You decide to double check, and you verify the file really was deleted:

[root@klazarsk ~]# ls -lh /root/test/java.log 
ls: cannot access '/root/test/java.log': No such file or directory

[root@klazarsk ~]# ls -lh /root/test/
total 116M
-rw-r--r--. 1 root root 116M Mar 27 01:25 java.log.2

[root@klazarsk ~]#

This is where topdiskconsumer's detailed "deleted files with open handles" report comes in handy. It does the hard work of parsing lsof to identify any unlinked-but-held-open files and find the file handle. A file handle is a lock a file makes to a file; even if you try to force a deletion, if the process is maintaining a handle on it because it is in use, the file will not be removed from the system until the process exits (or in the case of many processes, you send it a SIGHUP).

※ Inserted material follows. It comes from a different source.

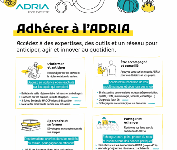 Les exigences en qualité et sécurité des aliments se renforcent. Votre adhésion ADRIA vous donne accès à des services conçus pour vous aider à rester à jour, décider plus vite et sécuriser vos choix. Dès votre adhésion, vous activez des…

Normally you would have to identify the PID holding the file open by using lsof, and then go to /proc/[pid]/fd and manually find the file handle to figure out where that file can be accessed. But topdiskconsumer automates this for you, making it much easier.

In this example, if you look at /proc/24895/fd, you can verify the handle and see that the path really is zero:

[root@klazarsk ~]# ls -lh /proc/24895/fd
total 0
lr-x------. 1 root root 64 Mar 27 12:53 0 -> '/root/test/java.log (deleted)'
lrwx------. 1 root root 64 Mar 27 12:53 1 -> /dev/pts/0
lrwx------. 1 root root 64 Mar 27 12:53 2 -> /dev/pts/0
lrwx------. 1 root root 64 Mar 27 12:53 3 -> 'socket:[234187]'

[root@klazarsk ~]#

However, in the time that has passed while trying to obtain an emergency change approval, you realize you lost quite a few log messages. You accept that you will lose some logged notices, but you want to retain as many as possible. (And if you really want to minimize losses because the log is critical, you could dump the tail out to a file with tail -n [number] /proc/24895/fd/0 > [newfile]. But that isn't the case here.)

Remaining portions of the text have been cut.